- Given data:
*** Begin section ***

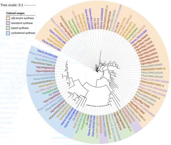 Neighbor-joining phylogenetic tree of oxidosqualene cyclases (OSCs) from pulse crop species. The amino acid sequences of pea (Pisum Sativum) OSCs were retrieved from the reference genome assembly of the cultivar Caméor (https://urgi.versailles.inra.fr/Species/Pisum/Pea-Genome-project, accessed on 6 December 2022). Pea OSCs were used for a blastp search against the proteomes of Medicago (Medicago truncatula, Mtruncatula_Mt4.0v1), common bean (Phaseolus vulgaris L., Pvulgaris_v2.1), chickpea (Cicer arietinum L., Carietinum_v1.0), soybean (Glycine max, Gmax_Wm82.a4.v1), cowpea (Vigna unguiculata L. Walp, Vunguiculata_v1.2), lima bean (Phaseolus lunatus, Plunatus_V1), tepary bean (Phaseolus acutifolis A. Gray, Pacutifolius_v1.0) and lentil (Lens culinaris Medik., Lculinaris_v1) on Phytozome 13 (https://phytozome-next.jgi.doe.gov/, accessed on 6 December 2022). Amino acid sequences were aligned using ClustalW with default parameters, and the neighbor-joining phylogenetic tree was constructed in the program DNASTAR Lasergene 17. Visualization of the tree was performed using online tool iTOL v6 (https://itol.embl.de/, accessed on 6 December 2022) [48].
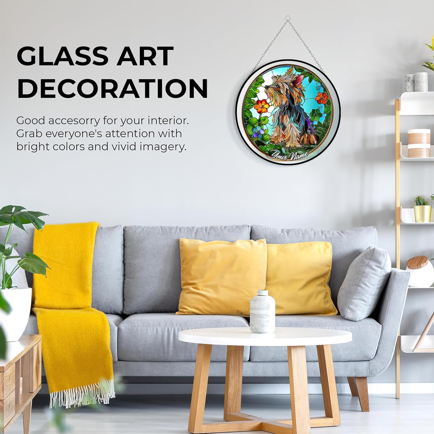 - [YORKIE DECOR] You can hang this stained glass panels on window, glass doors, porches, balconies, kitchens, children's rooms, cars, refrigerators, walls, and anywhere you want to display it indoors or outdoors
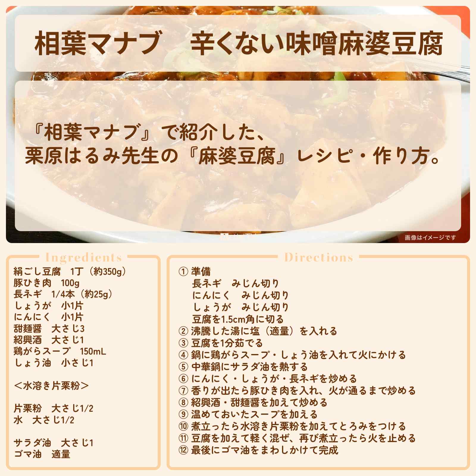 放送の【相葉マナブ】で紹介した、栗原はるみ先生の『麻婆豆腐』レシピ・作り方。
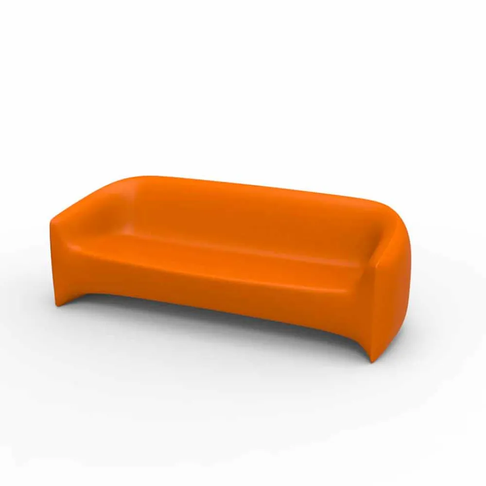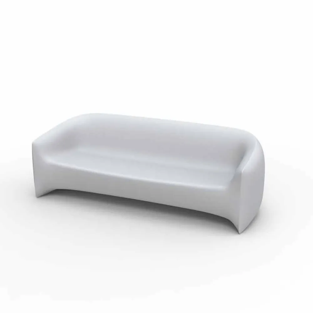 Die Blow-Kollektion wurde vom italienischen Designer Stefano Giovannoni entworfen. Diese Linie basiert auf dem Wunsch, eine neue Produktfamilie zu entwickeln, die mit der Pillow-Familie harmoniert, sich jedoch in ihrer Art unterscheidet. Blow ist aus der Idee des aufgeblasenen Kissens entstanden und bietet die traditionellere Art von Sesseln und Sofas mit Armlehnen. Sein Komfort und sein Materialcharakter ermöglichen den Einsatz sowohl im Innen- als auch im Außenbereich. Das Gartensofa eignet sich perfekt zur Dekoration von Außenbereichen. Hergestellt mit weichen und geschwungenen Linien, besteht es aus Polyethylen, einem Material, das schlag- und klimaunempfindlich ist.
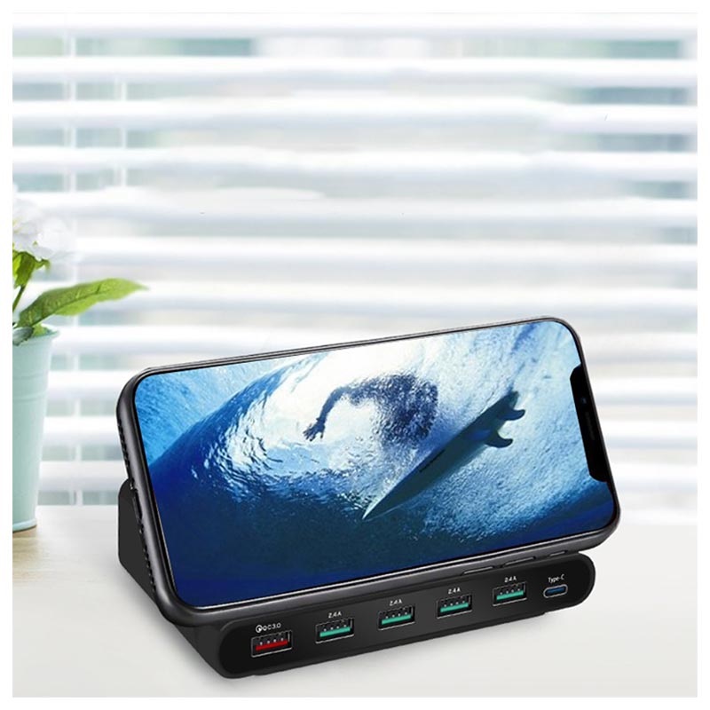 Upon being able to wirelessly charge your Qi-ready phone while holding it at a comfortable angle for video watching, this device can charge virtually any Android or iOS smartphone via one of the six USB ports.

*** End section ***
*** Begin section ***

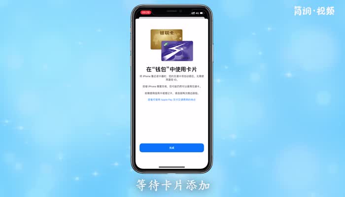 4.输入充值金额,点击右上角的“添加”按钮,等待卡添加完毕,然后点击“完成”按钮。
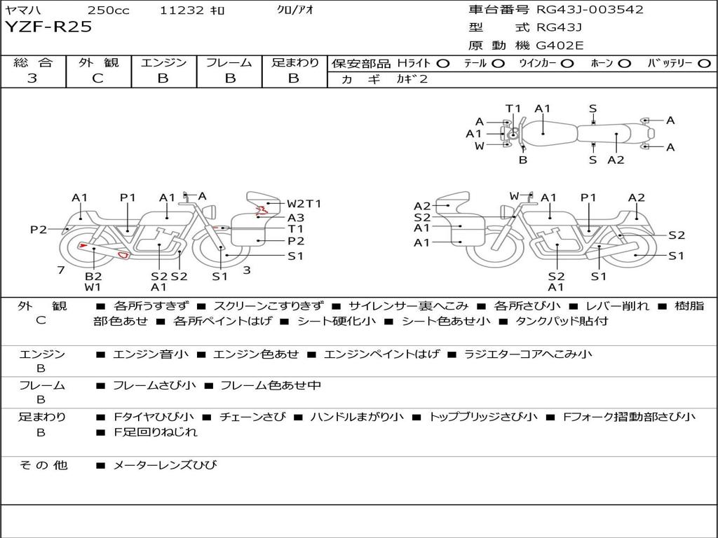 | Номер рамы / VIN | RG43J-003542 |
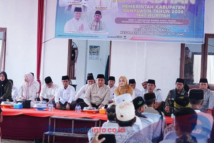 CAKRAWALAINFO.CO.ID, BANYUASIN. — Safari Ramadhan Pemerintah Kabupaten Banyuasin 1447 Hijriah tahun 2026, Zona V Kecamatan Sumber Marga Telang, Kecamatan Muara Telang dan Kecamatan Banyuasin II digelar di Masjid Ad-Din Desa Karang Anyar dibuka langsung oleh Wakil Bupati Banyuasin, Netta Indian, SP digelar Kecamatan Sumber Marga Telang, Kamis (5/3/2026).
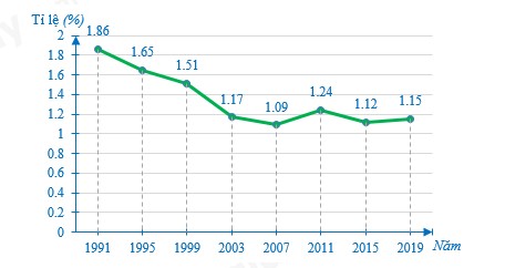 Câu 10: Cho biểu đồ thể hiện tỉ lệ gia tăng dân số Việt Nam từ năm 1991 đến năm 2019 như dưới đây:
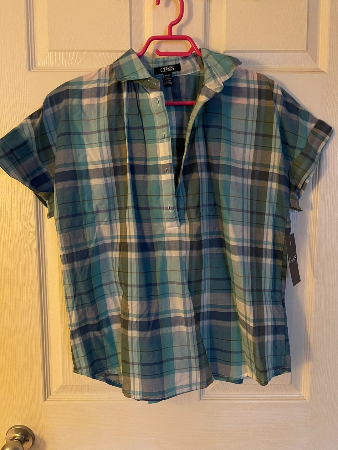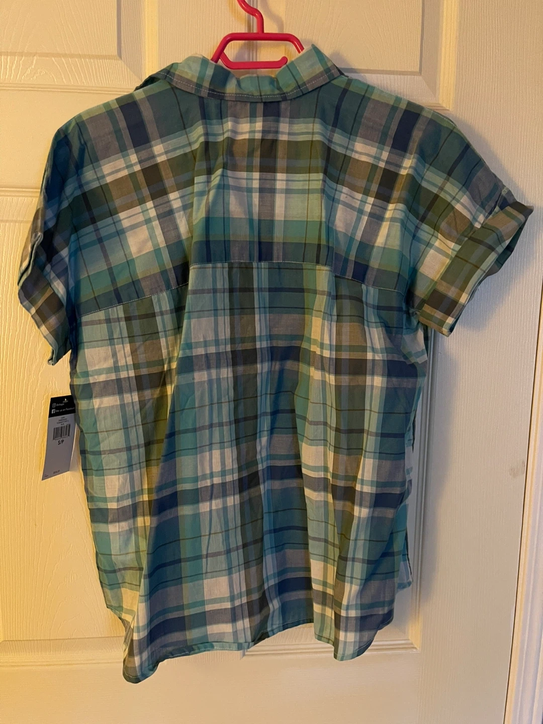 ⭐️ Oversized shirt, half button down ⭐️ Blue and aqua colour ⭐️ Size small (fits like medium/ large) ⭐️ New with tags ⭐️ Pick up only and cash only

*** End section ***
*** Begin section ***

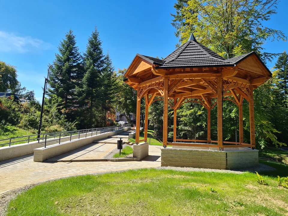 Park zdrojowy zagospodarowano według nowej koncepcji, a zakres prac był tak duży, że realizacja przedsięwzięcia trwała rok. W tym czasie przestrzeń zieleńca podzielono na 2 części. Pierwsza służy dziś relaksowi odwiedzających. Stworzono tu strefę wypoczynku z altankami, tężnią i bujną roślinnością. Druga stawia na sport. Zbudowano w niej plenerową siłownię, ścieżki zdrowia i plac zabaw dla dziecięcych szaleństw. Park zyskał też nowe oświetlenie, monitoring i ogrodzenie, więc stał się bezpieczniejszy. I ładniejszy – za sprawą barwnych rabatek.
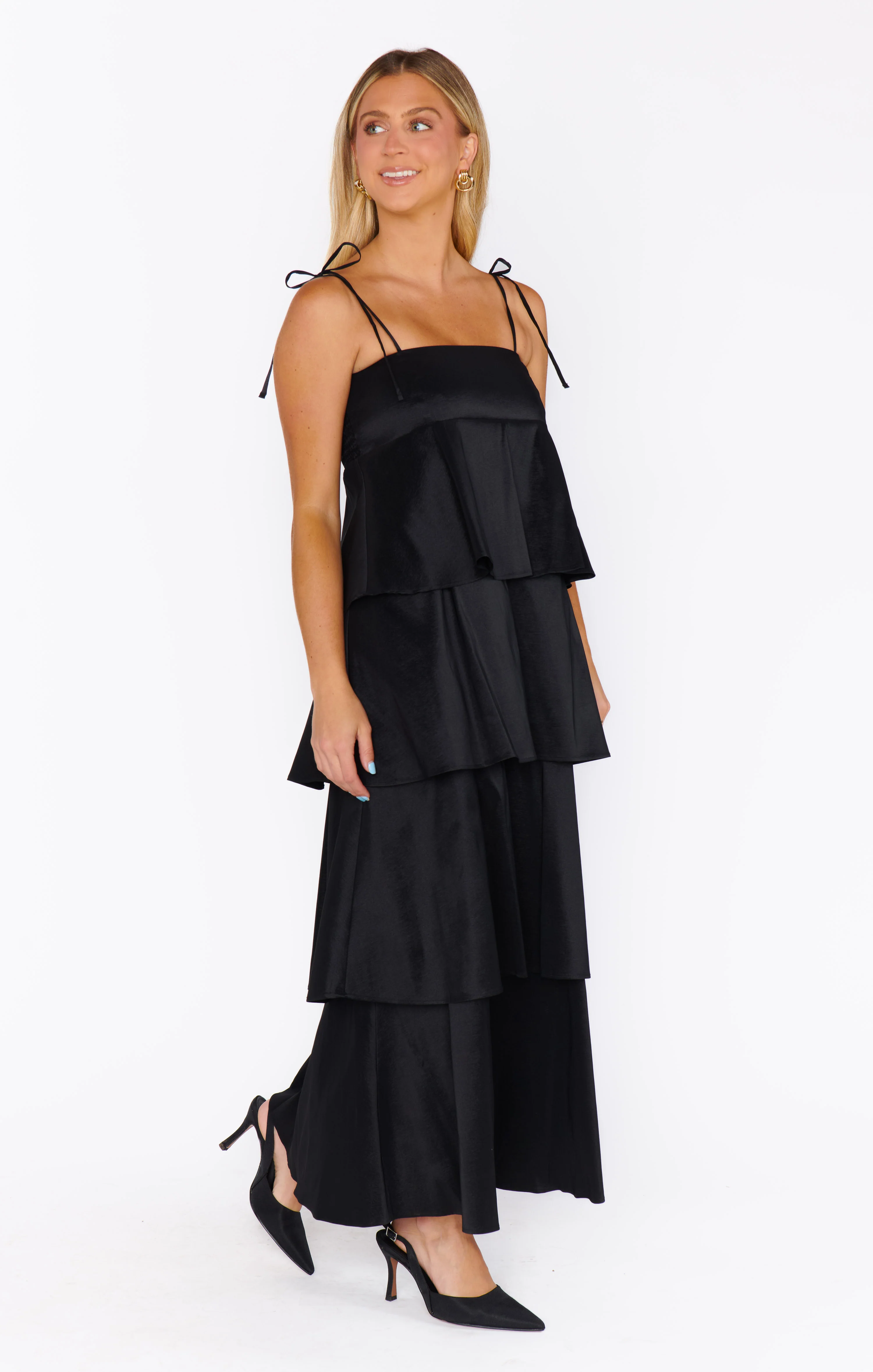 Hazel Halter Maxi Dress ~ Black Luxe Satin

*** End section ***

- Work required: Print nothing but the lines above starting with the line that contains "CAKRAWALAINFO.CO.ID, BANYUASIN. —" and going on through the line that contains "and cash only". Leave out the pictures.

- Written response:
 CAKRAWALAINFO.CO.ID, BANYUASIN. — Safari Ramadhan Pemerintah Kabupaten Banyuasin 1447 Hijriah tahun 2026, Zona V Kecamatan Sumber Marga Telang, Kecamatan Muara Telang dan Kecamatan Banyuasin II digelar di Masjid Ad-Din Desa Karang Anyar dibuka langsung oleh Wakil Bupati Banyuasin, Netta Indian, SP digelar Kecamatan Sumber Marga Telang, Kamis (5/3/2026).
 Câu 10: Cho biểu đồ thể hiện tỉ lệ gia tăng dân số Việt Nam từ năm 1991 đến năm 2019 như dưới đây:
 ⭐️ Oversized shirt, half button down ⭐️ Blue and aqua colour ⭐️ Size small (fits like medium/ large) ⭐️ New with tags ⭐️ Pick up only and cash only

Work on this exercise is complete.